# Favorite Acts to See Live (Classical and Non-Classical)



## Captainnumber36 (Jan 19, 2017)

Most Classical Orchestras satisfy me, I'm not fantastic at hearing the differences between them. Now, I can hear the difference between a particular interpretation of a work versus another, and that's all I use to base my opinion of a performance on.

They rarely make mistakes. 

Other than that:

Dave Matthews Band
Tedeschi Trucks Band
Mike Gordon Band
Trey Anastasio Band
Phish

These jambands are fun to see live!

I also love Rufus Wainwright.

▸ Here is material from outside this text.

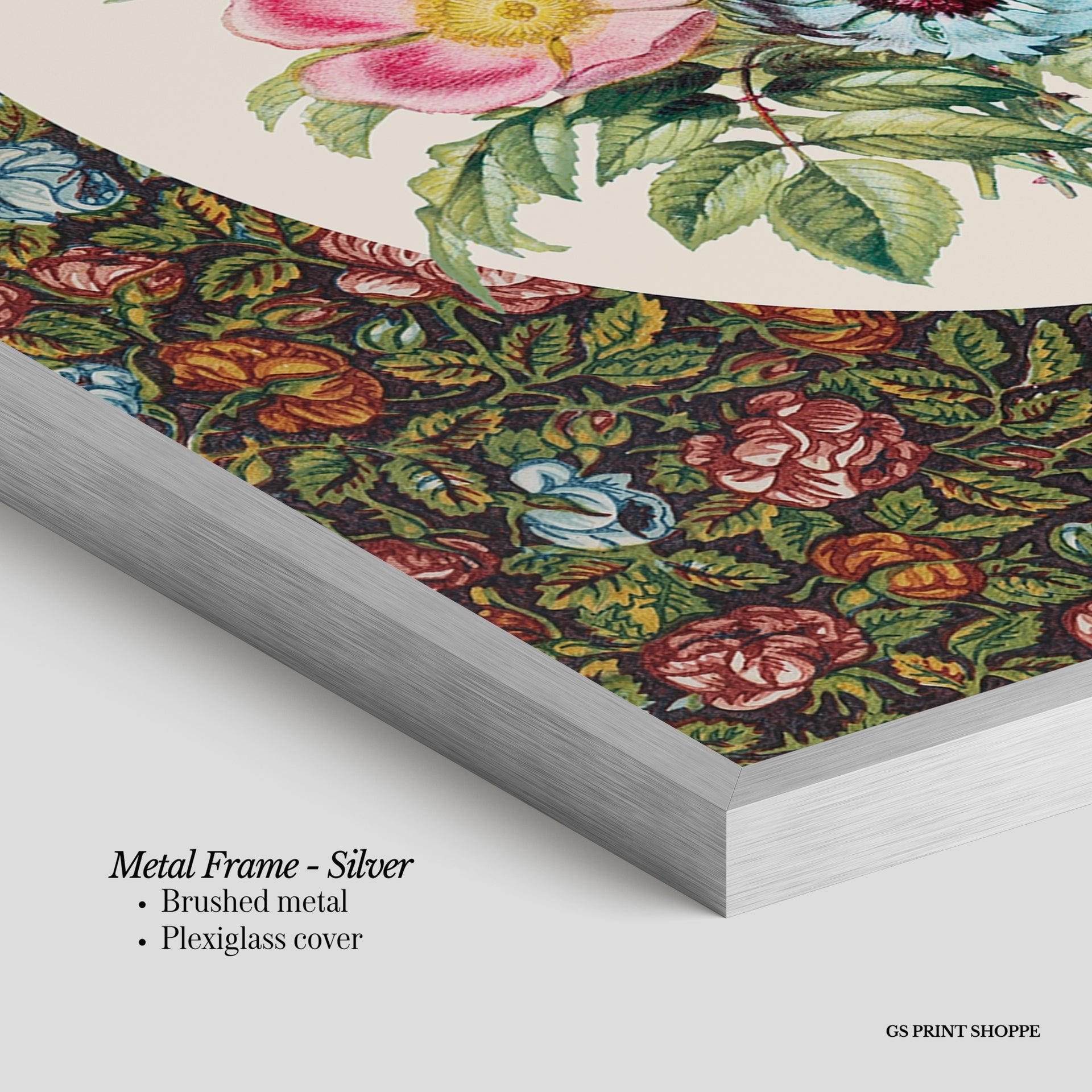 Metal Frame: Sleek and modern, our metal frame is crafted with brushed metal for a polished finish. It comes with durable plexiglass and sturdy metal hangers for horizontal or vertical display.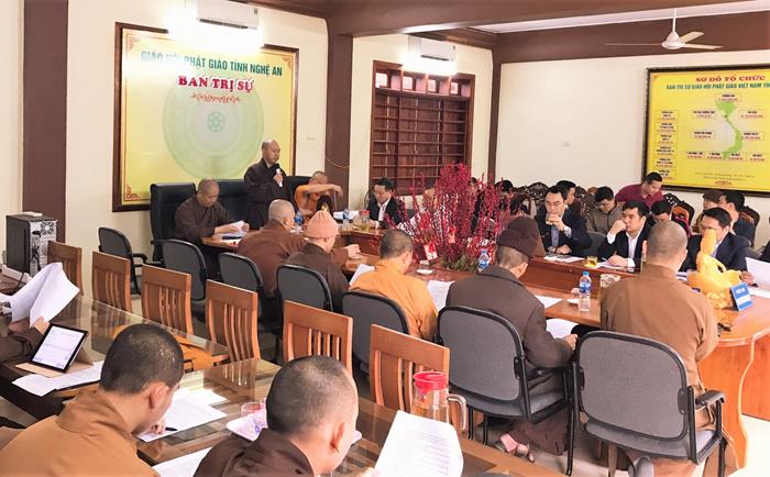 Thực hiện công tác Phật sự trọng tâm năm 2020 của Hội đồng Trị sự GHPGVN, căn cứ đề nghị của Ban Văn hóa Trung ương GHPGVN và Ban Trị sự GHPGVN tỉnh Nghệ An. Chiều nay, ngày 06/03/2020 tại Chùa Diệc P. Quang Trung TP. Vinh tỉnh Nghệ An ( Trụ sở BTS GHPGVN tỉnh Nghệ An) Hội nghị thông qua kế hoạch chương trình Lễ hội “Hương sen xứ Nghệ năm 2020” và kỷ niệm 130 năm ngày sinh Chủ tịch Hồ Chí Minh, nhằm thống nhất phương án, kế hoạch chương trình tổ chức lễ hội.

I've only seen him once though, and it was long ago, but fantastic!


----------



## mbhaub (Dec 2, 2016)

Classical Acts: I don't go to any concerts because of WHO is playing. It's always WHAT they're playing that matters. I've been to enough concerts with world famous orchestras and concerts. There's music I want to hear live and I don't care if it's the Vienna Philharmonic or the Cheyenne Symphony doing it. The music is the most important thing. Still, hearing a world class orchestra play is thrilling: the accuracy, the intonation, the phrasing - it's amazing.

Non-Classical: Willie Nelson puts on a fine, entertaining show every time. So does Frankie Valli. Clay Walker has faded from his glory days, but still puts on an exciting show every time.


----------



## Fredx2098 (Jun 24, 2018)

I saw a performance of Monteverdi's L'Orfeo at the Harris Theater in Chicago that was absolutely flawless in every way. I'm not sure what the ensemble was or if it was a resident ensemble of the theater, but everything was perfect. Everything was played, sung, and performed perfectly. The instruments were on stage along with the performers and given at least as much importance as the singers, as opposed to every other opera I've seen where the instruments are hidden in the pit which I do not like.


----------



## Captainnumber36 (Jan 19, 2017)

mbhaub said:


> Classical Acts: I don't go to any concerts because of WHO is playing. It's always WHAT they're playing that matters. I've been to enough concerts with world famous orchestras and concerts. There's music I want to hear live and I don't care if it's the Vienna Philharmonic or the Cheyenne Symphony doing it. The music is the most important thing. Still, hearing a world class orchestra play is thrilling: the accuracy, the intonation, the phrasing - it's amazing.
> 
> Non-Classical: Willie Nelson puts on a fine, entertaining show every time. So does Frankie Valli. Clay Walker has faded from his glory days, but still puts on an exciting show every time.


I agree, it's the what more than the who or where for me as well. Though, I do like seeing Classical in ornate halls.


----------



## Captainnumber36 (Jan 19, 2017)

I edited the OP, but wanted to make a new post to say I add Rufus Wainwright to my list as well. I love him dearly!


----------



## bharbeke (Mar 4, 2013)

Non-Classical:

Garth Brooks
Vince Gill
Brad Paisley
Keith Urban
Reba McEntire
Darius Rucker
Rascal Flatts
Collin Raye
Dwight Yoakam
Clint Black
Foreigner
Trans-Siberian Orchestra

Classical:

Any major city orchestra, but typically my home team The Phoenix Symphony


----------



## endelbendel (Jul 7, 2018)

For classical, the venue matters a lot. For my area, say, Symphony Hall > Tuckerman Hall > Mechanics Hall.
Recently heard Taj Mahal live: way beyond and bigger than his recordings - pure joy; healing.


----------